Learn how to customize prediction logic in your models

If you’re publishing Scikit-Learn models with the dotscience-python library, by default the published model will read and write JSON in a specific format. If you want to customize that logic, you can include additional files to customize how the model runs.

Note: This feature is only supported on latest Dotscience runners. Please make sure you have a relatively recent install of Dotscience. For installs using Dotscience terraform you would require v.0.10.0 and above.

Custom prediction endpoints

The default prediction endpoint takes in a JSON object with a key "instances" that should map to an array of numbers. It returns a JSON object with a key "predictions" and values that are the result of calling predict_proba() on the Scikit-Learn model you published.

You can customize this logic in two steps.

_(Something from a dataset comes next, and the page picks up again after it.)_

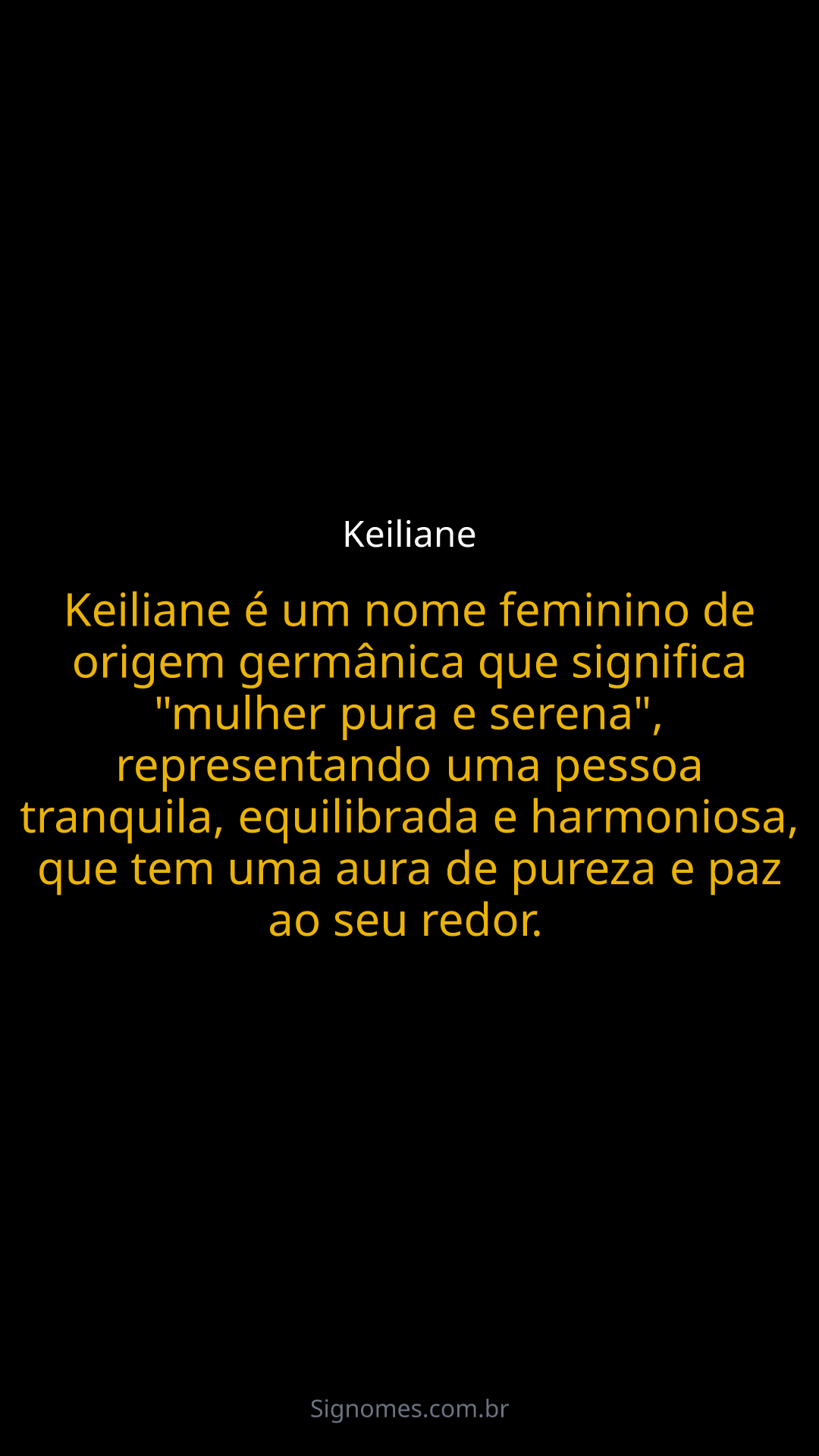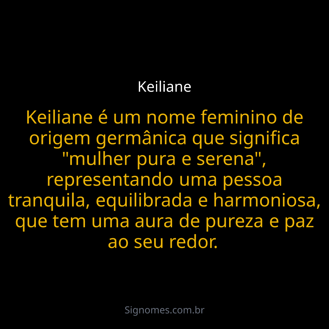 Keiliane é um nome feminino de origem germânica que significa "mulher pura e serena", representando uma pessoa tranquila, equilibrada e harmoniosa, que tem uma aura de pureza e paz ao seu redor.

First, create a new file called custom_predict.py with a function predict(model, query). It will be called with two arguments, the model and the JSON query sent to the prediction endpoint, and it must return a Python object that can be serialized to JSON.

For example, if you just want to take a list and return a list, you could write a custom_predict.py that looks like this:

def predict(model, query):
    inputs = np.array(query)
    return model.predict_proba(inputs).tolist()

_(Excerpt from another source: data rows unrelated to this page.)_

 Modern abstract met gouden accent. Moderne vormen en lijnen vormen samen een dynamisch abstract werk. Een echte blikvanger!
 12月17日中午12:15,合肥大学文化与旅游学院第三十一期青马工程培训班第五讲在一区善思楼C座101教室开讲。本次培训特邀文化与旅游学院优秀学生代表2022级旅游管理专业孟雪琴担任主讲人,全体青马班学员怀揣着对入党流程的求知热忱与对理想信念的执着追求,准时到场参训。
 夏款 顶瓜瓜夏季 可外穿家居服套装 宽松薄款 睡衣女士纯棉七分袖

Put that file in the same directory as the pickled model you’re storing.

Second, in your code that uses the dotscience-python library to generate and publish the model. This feature requires the following - Sklearn models are place in a directory model.joblib - The file custom_predict.py and, if needed, runtime-requirements.txt are copied to the model directory above.

An example notebook and files are available to download here

import dotscience as ds
import os
import shutil
import sklearn
from sklearn import svm
from sklearn import datasets
from joblib import dump
import json

clf = svm.SVC(gamma='scale', probability=True)
iris = datasets.load_iris()
X, y = iris.data, iris.target
clf.fit(X, y)

ds.start()

MODEL_DIR = "./model.joblib"

print('export_path = {}\n'.format(MODEL_DIR))

if os.path.isdir(MODEL_DIR):
  print('\nAlready saved a model, cleaning up\n')
  shutil.rmtree(MODEL_DIR)

os.mkdir(MODEL_DIR)

dump(clf, os.path.join(MODEL_DIR, 'model.joblib'))


with open(os.path.join(MODEL_DIR, 'classes.json'), "w") as f:
    f.write(json.dumps({
        "0": "Iris Setosa",
        "1": "Iris Versicolour",
        "2": "Iris Virginica",
    }))

shutil.copyfile("custom_predict.py", os.path.join(MODEL_DIR, "custom_predict.py"))
shutil.copyfile("runtime-requirements.txt", os.path.join(MODEL_DIR, "runtime-requirements.txt"))

ds.model(sklearn, "irisCustom", ds.output(MODEL_DIR), classes="./model.joblib/classes.json")

ds.publish("trained iris model", deploy=True)

Custom Python libraries

If you want to install additional libraries that can be used by your custom prediction logic, you can do so in two steps.

First, add a runtime-requirements.txt listing your additional Python requirements. Ideally they should be pinned, e.g. sklearn-pandas==1.1.0. Put this file in the same directory as your put your pickled model and custom_predict.py.